What is being asked: Beginning with the opening line of the entries, return every line through the one containing "经用人单位及教学督导考核、学", both included, and nothing else. Omit pictures.

Data:
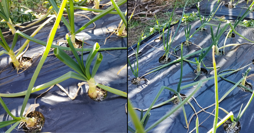 年明けでも愛知白玉ねぎ(写真右側)は他の品種より細い状態。挽回できるか?
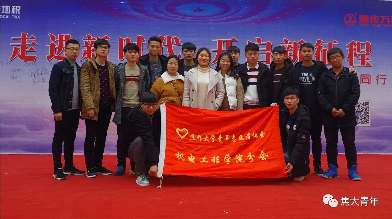为响应十九大会议精神,焦作地税局联合河南理工大学、焦作师专、太阳成tyc9728集团三所高校,定于2017年12月2日上午十点,在万达广场隆重举办了大型公益宣传活动;参加此次活动的人员主要有市地税局党组成员、总会计师乔明,焦作师专副校长靳贤胜及太阳成tyc9728集团青年志愿者等成员,我院青协也参加了此次志愿宣传活动。
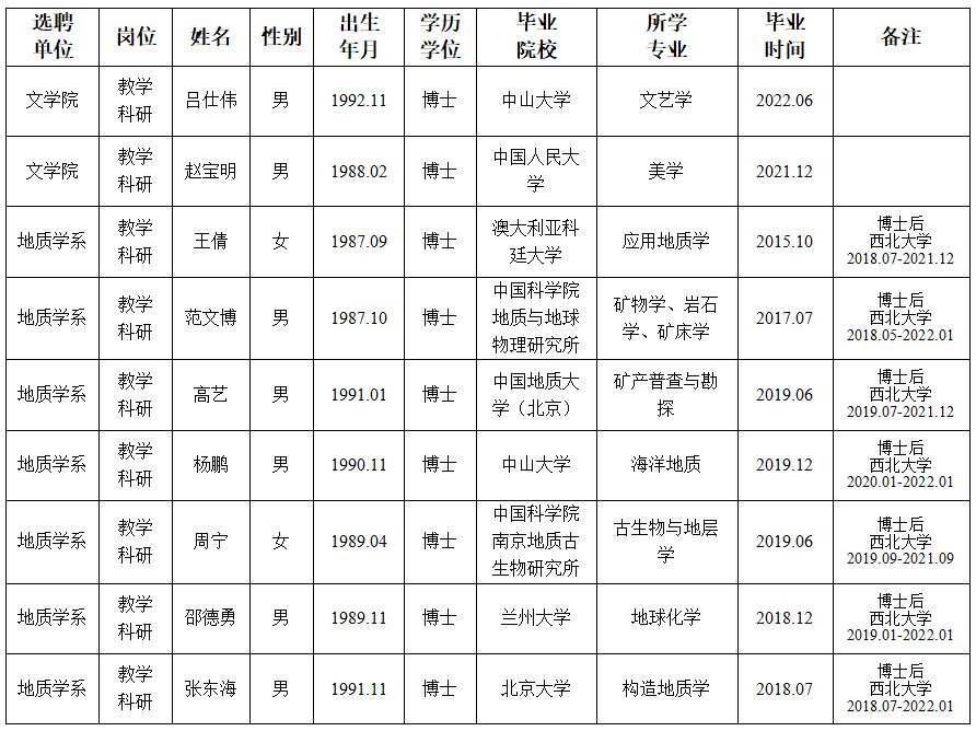 经用人单位及教学督导考核、学校研究,拟同意选聘下列人员来校工作,其聘任关系为A类人事代理。本着公平、公正、公开的原则,现将拟选聘人员基本情况公示如下:
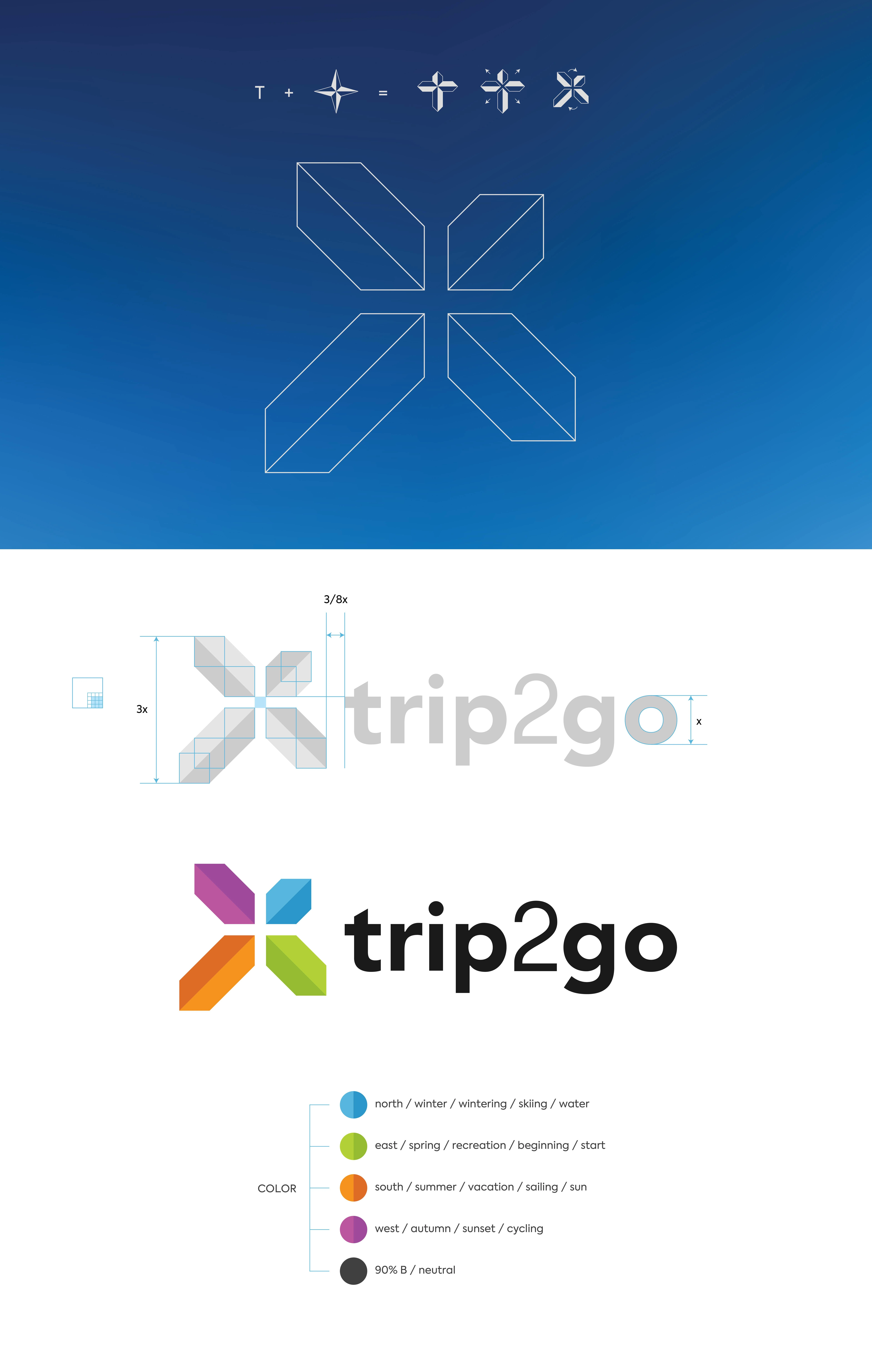 Trip2go is one of the brands owned by Sve za sport d.o.o., a travel agency from Zagreb. The agency provides active tourism services that include, among other things, skiing, boating, and cycling. The agency believes that the best way to discover Croatia is through getting to know the people, the landscape and the gastronomy. They actively offer it all. The visual identity of the Trip2go brand comes from the name of the agency and refers to the word "trip" (the letter "T") or "travel", and a visual representation of the compass that is associated with the choice of destination and arrangement (in the name of the agency - "2 go"). The rotated sign of the logo and its construction are associated with different distances of places to which one travels (closer/further/similar).
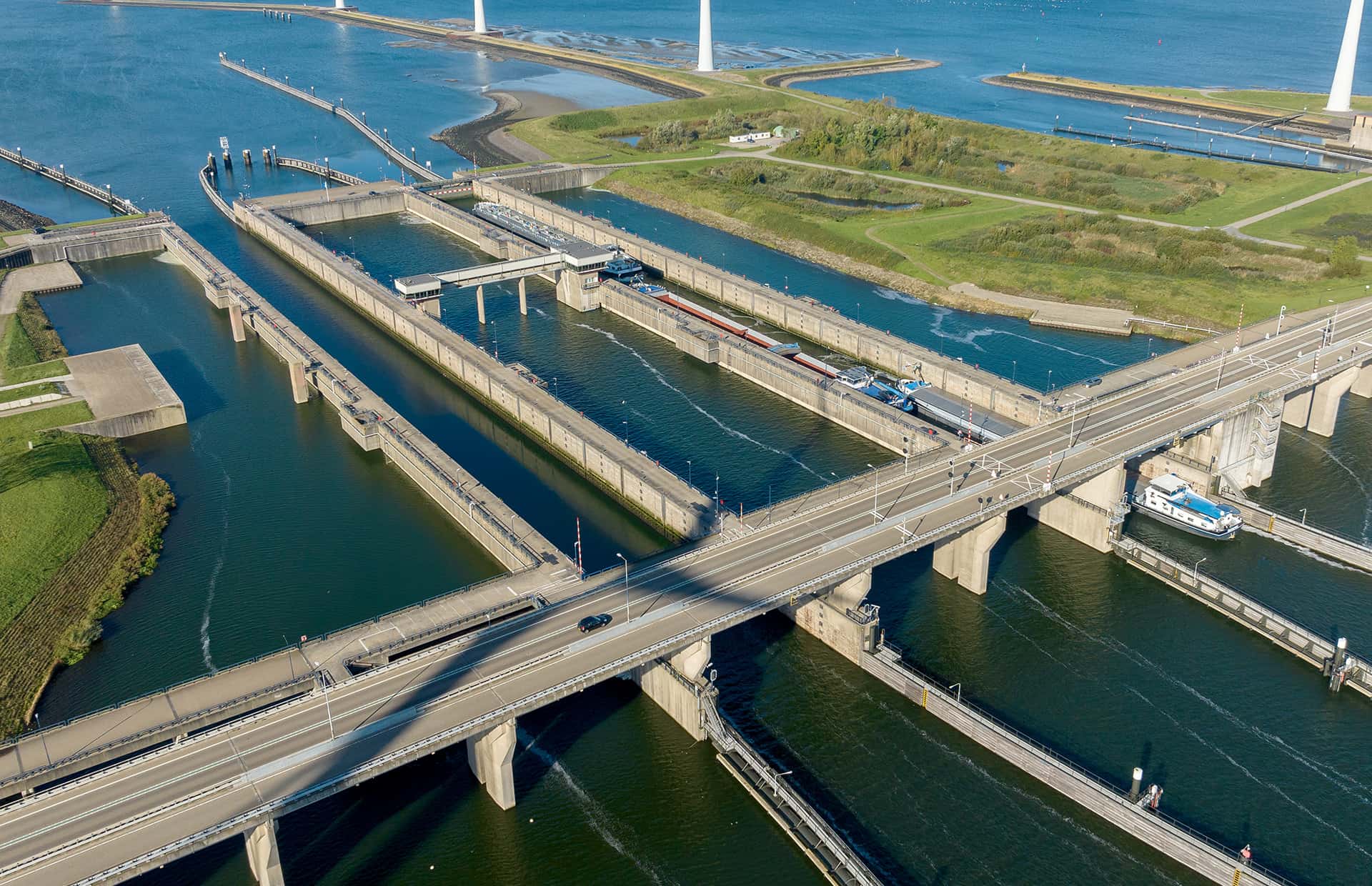 De grondige aanpassing van het complex levert een aantal voordelen op, vertelt Olivier. ‘Allereerst hebben we straks veel minder kosten voor dagelijks onderhoud. Voor de gebruikers zal het schutproces gemiddeld een kwartier sneller gaan. Vanwege de manier waarop we de zoet-zoutscheiding doen, duurt dat nu 45 minuten. Straks met het bellenscherm gaat dat dus een stuk sneller. Ook gebruiken we door de nieuwe technieken straks 25 procent minder energie.’ Al met al wordt de hele operatie een complex verhaal, verwacht Olivier. ‘Omdat we werken met de tent open, omdat we veel verschillende werksoorten bij elkaar hebben en alleen al met de afmeting van het sluizencomplex. Met 66.000 schepen per jaar is dit complex een van de economische motoren van Nederland. Samen met de combinatie ZEEKR, die bestaat uit BESIX NL, BESIX Unitec, Croonwolter&dros, DEMAKO, Iemants (Smulders) en Bosch Rexroth maken we Nederland een stukje beter. Het lijkt heel normaal dat zoiets goed gaat, maar dat is echt topsport.’
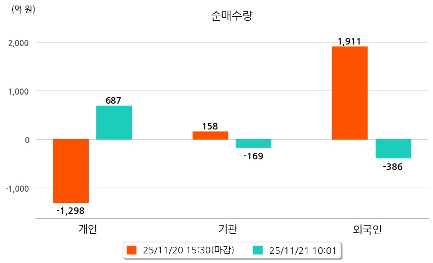 투자자별 동향을 살펴보면 기관은 169억 원 순매도했으며, 외국인은 386억 원 순매도했다. 개인은 687억 원 순매수했다.
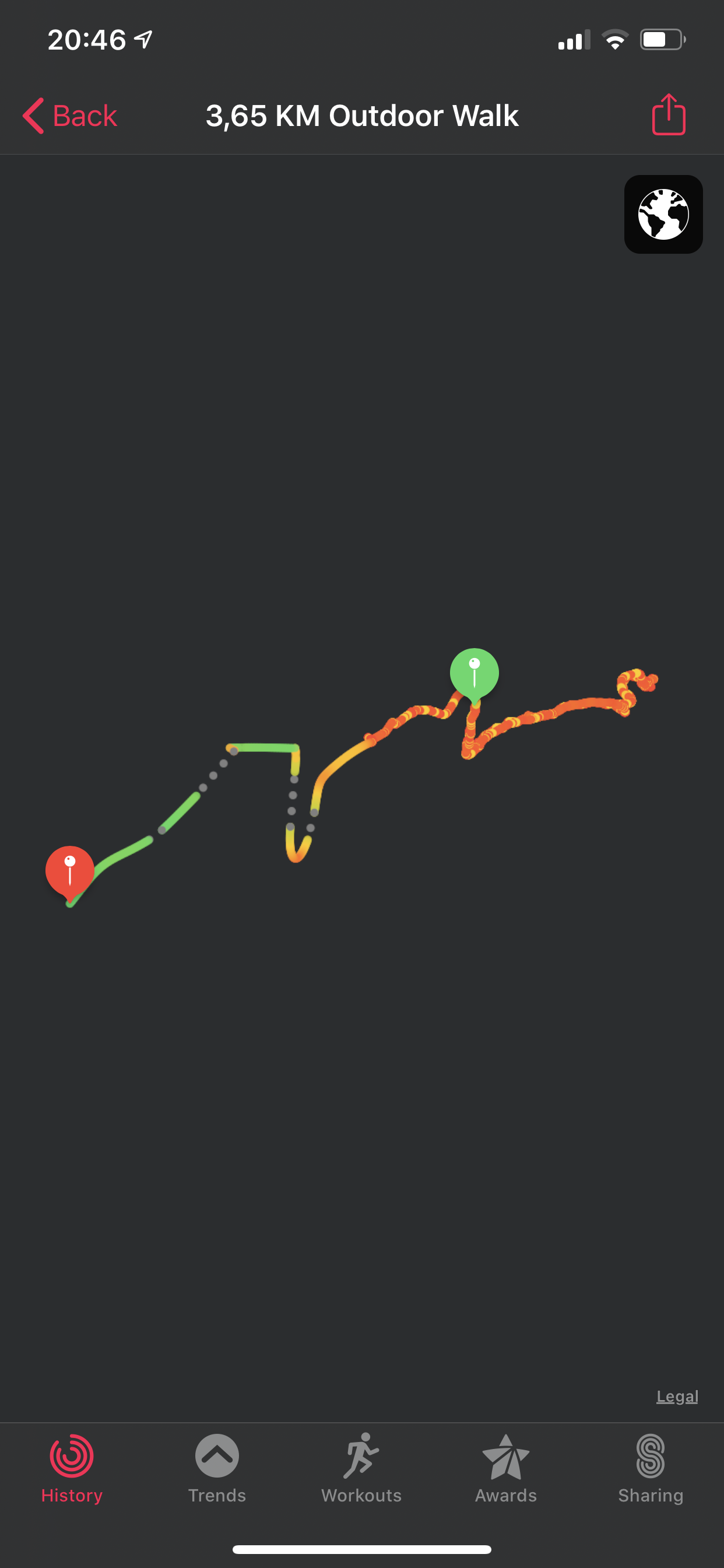 Workout map route colors explanations:

Written solution:
 年明けでも愛知白玉ねぎ(写真右側)は他の品種より細い状態。挽回できるか?
为响应十九大会议精神,焦作地税局联合河南理工大学、焦作师专、太阳成tyc9728集团三所高校,定于2017年12月2日上午十点,在万达广场隆重举办了大型公益宣传活动;参加此次活动的人员主要有市地税局党组成员、总会计师乔明,焦作师专副校长靳贤胜及太阳成tyc9728集团青年志愿者等成员,我院青协也参加了此次志愿宣传活动。
 经用人单位及教学督导考核、学校研究,拟同意选聘下列人员来校工作,其聘任关系为A类人事代理。本着公平、公正、公开的原则,现将拟选聘人员基本情况公示如下:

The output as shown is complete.